You’ve heard me say this repeatedly over the years. You will forever look at football differently when you realize there are only so many offensive possessions per game. Denver only had eight offensive possessions last week, four in the first half and four in the second half. That’s it. Three of those drives took 22 minutes off of the clock. So while we can lament New York’s offense only running 20 plays in the first half, some of that also had to do with the fact that the defense needs to get the ball back quicker for the offense. The Giants actually moved the ball in the second half of the Denver game. But the pressure to score touchdowns increased dramatically when what had been a 7-3 game quickly turned into a 20-7 game with the Giants offense only having ONE possession during that span. You can’t score when you don’t have the ball.

I talked last week about an early season trend last year by the Giants’ defense of allowing scoring drives at the end of halves. And that unfortunately reared its ugly head again in the opener. As much as the Daniel Jones’ fumble was game-altering, so was the defense’s inability to stop Denver at the end of the first half, including on 4th-and-2. Then at the start of the 3rd quarter, Denver scores on 4th-and-goal. (Also keep in mind that Denver’s first field goal drive occurred after converting on 4th-and-7). That’s 17 points. Denver was 3-of-3 on 4th down and 7-of-15 on 3rd down (it actually felt worse than that given when those conversions came in the game).

I can talk until I’m blue in the face about this match-up or that match-up, but we all know what the problem with this defense has been: they can’t get off of the field on 3rd down (and now sometimes 4th down). Yes, that is related to the pass rush. Against Denver, the Giants actually were buzzing around the QB more than fans realize and had six official quarterback hits. The Giants are spending a lot of money on that secondary. They have to make more plays on the football. And ideally, pick off some passes. Get the ball back for the offense on a short field. The defense must be the strength of the team this year or the Giants have no chance.

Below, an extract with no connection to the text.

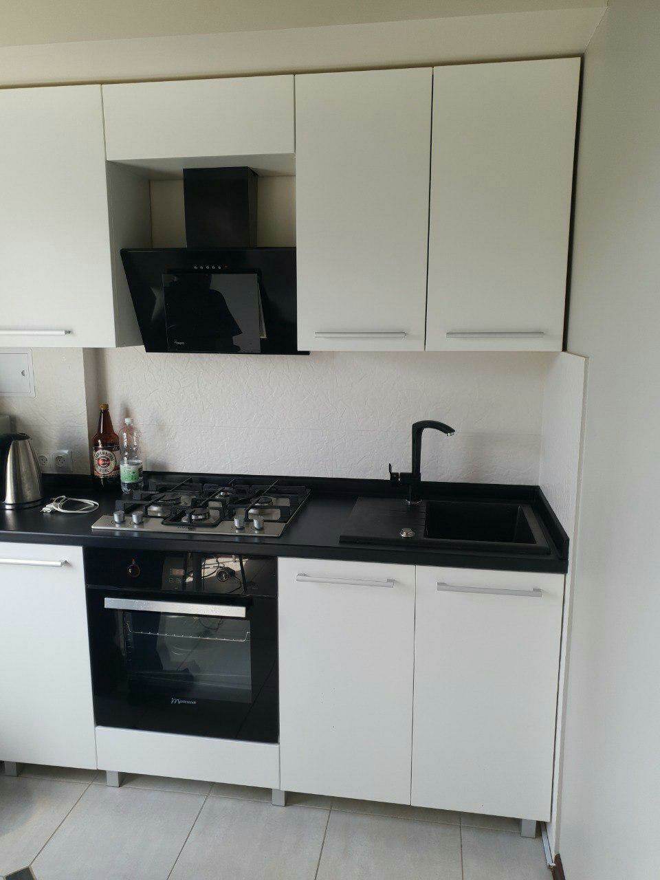 Современная кухня со столешницей и фурнитурой в комплекте.

NEW YORK GIANTS ON SPECIAL TEAMS:
C.J. Board gained 66 yards on two kickoff returns last week. That’s very good. Jabrill Peppers gained two yards on one punt return. Joe Judge and Thomas McGaughey may need to break into their bag of tricks soon if the offense continues to struggle.

FROM THE COACH’S MOUTH:
Head Coach Joe Judge on Washington’s defense:They play off what the disruption of the front causes in front of them and they do a good job right there limiting big plays. You play against this team, you have to be prepared to go down the field tick by tick by tick. They’re a very good team situationally getting off the field on third down and red area. They’re a very good team of not allowing explosive plays.

THE FINAL WORD:
It won’t surprise me if the Giants fall to 0-2. It won’t surprise me if the Giants soundly beat Washington. This is not a good division. The quarterback change means nothing to me as a Giants fan. We’ve seen plenty of times where that bites us in the ass. But the Giants have won five in a row against Washington despite their very strong front seven on defense. For whatever reason, Washington doesn’t intimidate New York.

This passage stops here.